= Your objective =
Where an entry contains an image, skip the image and print the rest exactly.

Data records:
*** Begin section ***

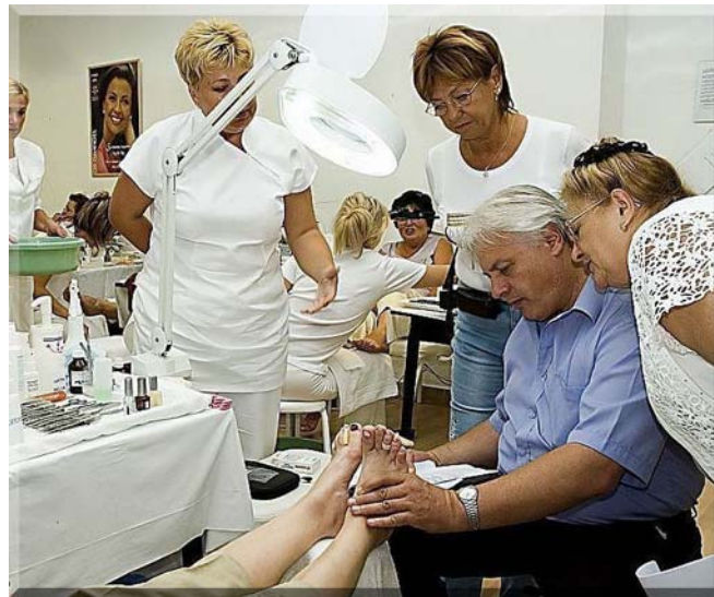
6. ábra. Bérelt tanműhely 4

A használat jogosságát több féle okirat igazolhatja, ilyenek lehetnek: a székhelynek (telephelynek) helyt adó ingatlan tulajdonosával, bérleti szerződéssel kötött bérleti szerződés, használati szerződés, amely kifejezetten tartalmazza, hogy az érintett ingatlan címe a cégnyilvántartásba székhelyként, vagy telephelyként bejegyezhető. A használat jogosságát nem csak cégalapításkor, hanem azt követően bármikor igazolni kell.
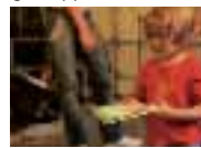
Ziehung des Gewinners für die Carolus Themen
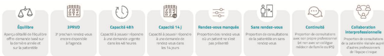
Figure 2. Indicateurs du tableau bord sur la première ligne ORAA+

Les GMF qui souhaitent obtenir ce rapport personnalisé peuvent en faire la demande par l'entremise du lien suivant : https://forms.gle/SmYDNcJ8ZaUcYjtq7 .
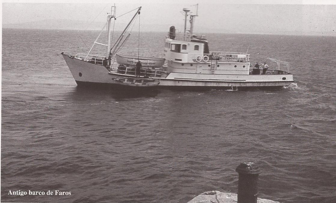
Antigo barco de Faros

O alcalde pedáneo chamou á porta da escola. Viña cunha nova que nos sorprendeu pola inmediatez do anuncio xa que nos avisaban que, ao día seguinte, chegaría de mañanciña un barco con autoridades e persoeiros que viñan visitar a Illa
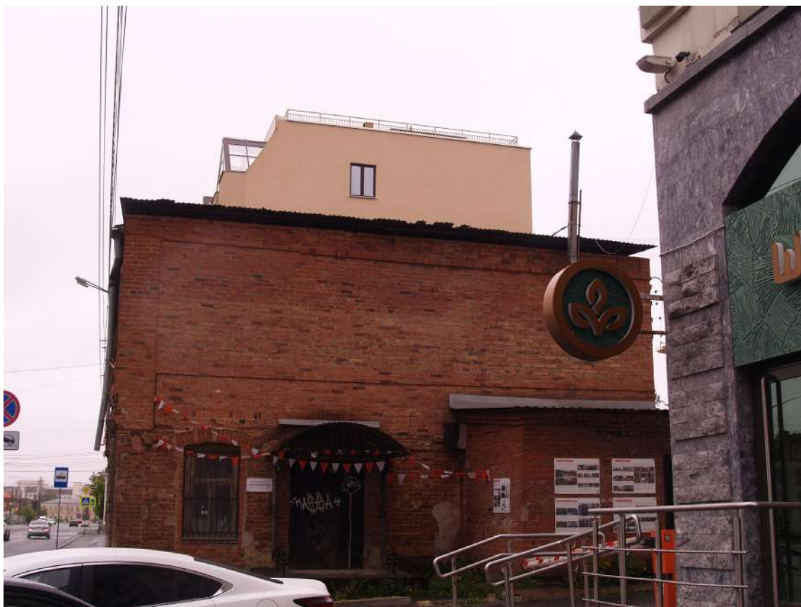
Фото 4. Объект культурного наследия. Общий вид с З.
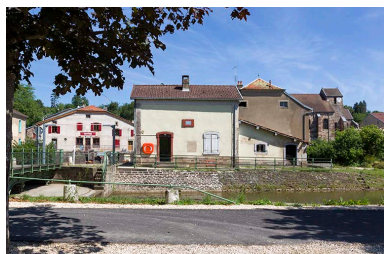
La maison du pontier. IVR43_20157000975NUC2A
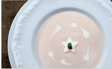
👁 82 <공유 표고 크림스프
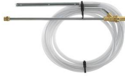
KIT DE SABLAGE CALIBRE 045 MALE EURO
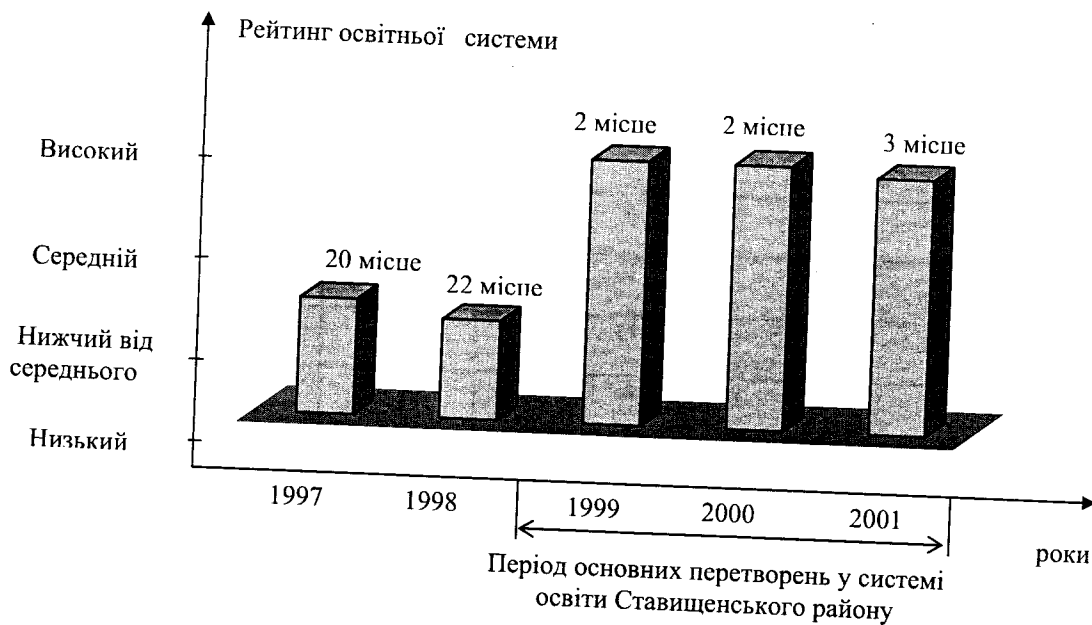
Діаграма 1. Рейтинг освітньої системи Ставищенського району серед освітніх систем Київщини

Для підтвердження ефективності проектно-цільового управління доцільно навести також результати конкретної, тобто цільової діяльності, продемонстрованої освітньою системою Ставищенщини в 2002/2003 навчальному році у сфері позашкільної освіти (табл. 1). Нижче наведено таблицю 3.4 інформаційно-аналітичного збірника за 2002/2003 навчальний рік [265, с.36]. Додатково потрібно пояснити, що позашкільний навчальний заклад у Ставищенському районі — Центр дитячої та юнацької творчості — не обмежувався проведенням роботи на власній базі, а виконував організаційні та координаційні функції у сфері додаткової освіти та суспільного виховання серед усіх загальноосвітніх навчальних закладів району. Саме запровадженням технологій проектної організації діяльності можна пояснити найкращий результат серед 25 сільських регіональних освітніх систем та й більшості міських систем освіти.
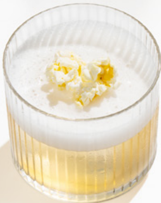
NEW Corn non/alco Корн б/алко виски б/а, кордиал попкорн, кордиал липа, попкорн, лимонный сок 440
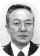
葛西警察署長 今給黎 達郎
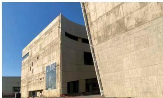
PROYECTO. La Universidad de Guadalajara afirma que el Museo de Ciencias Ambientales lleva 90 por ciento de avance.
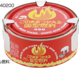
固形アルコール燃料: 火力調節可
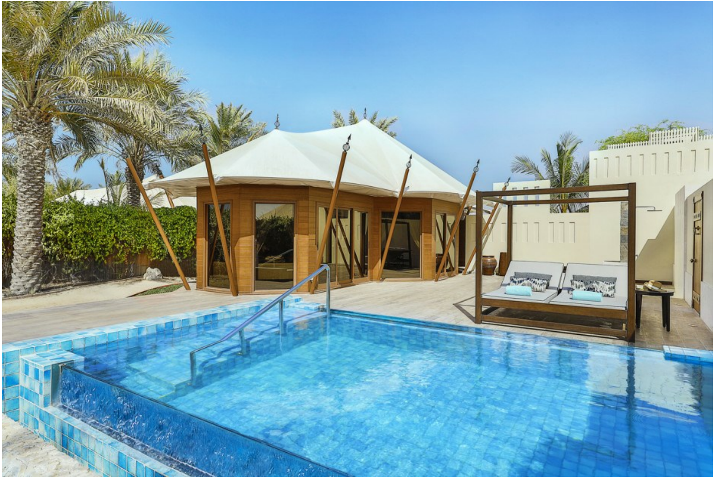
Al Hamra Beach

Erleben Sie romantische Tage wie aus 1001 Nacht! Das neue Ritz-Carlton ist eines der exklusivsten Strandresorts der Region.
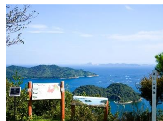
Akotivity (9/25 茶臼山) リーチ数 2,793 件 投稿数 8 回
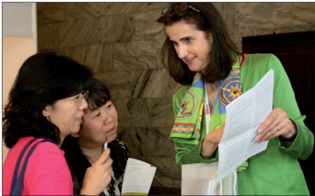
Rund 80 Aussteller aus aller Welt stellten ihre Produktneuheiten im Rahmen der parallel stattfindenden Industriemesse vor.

*** End section ***

= Result =
6. ábra. Bérelt tanműhely 4

A használat jogosságát több féle okirat igazolhatja, ilyenek lehetnek: a székhelynek (telephelynek) helyt adó ingatlan tulajdonosával, bérleti szerződéssel kötött bérleti szerződés, használati szerződés, amely kifejezetten tartalmazza, hogy az érintett ingatlan címe a cégnyilvántartásba székhelyként, vagy telephelyként bejegyezhető. A használat jogosságát nem csak cégalapításkor, hanem azt követően bármikor igazolni kell.
Ziehung des Gewinners für die Carolus Themen
Figure 2. Indicateurs du tableau bord sur la première ligne ORAA+

Les GMF qui souhaitent obtenir ce rapport personnalisé peuvent en faire la demande par l'entremise du lien suivant : https://forms.gle/SmYDNcJ8ZaUcYjtq7 .
Antigo barco de Faros

O alcalde pedáneo chamou á porta da escola. Viña cunha nova que nos sorprendeu pola inmediatez do anuncio xa que nos avisaban que, ao día seguinte, chegaría de mañanciña un barco con autoridades e persoeiros que viñan visitar a Illa
Фото 4. Объект культурного наследия. Общий вид с З.
La maison du pontier. IVR43_20157000975NUC2A
👁 82 <공유 표고 크림스프
KIT DE SABLAGE CALIBRE 045 MALE EURO
Діаграма 1. Рейтинг освітньої системи Ставищенського району серед освітніх систем Київщини

Для підтвердження ефективності проектно-цільового управління доцільно навести також результати конкретної, тобто цільової діяльності, продемонстрованої освітньою системою Ставищенщини в 2002/2003 навчальному році у сфері позашкільної освіти (табл. 1). Нижче наведено таблицю 3.4 інформаційно-аналітичного збірника за 2002/2003 навчальний рік [265, с.36]. Додатково потрібно пояснити, що позашкільний навчальний заклад у Ставищенському районі — Центр дитячої та юнацької творчості — не обмежувався проведенням роботи на власній базі, а виконував організаційні та координаційні функції у сфері додаткової освіти та суспільного виховання серед усіх загальноосвітніх навчальних закладів району. Саме запровадженням технологій проектної організації діяльності можна пояснити найкращий результат серед 25 сільських регіональних освітніх систем та й більшості міських систем освіти.
NEW Corn non/alco Корн б/алко виски б/а, кордиал попкорн, кордиал липа, попкорн, лимонный сок 440
葛西警察署長 今給黎 達郎
PROYECTO. La Universidad de Guadalajara afirma que el Museo de Ciencias Ambientales lleva 90 por ciento de avance.
固形アルコール燃料: 火力調節可
Al Hamra Beach

Erleben Sie romantische Tage wie aus 1001 Nacht! Das neue Ritz-Carlton ist eines der exklusivsten Strandresorts der Region.
Akotivity (9/25 茶臼山) リーチ数 2,793 件 投稿数 8 回
Rund 80 Aussteller aus aller Welt stellten ihre Produktneuheiten im Rahmen der parallel stattfindenden Industriemesse vor.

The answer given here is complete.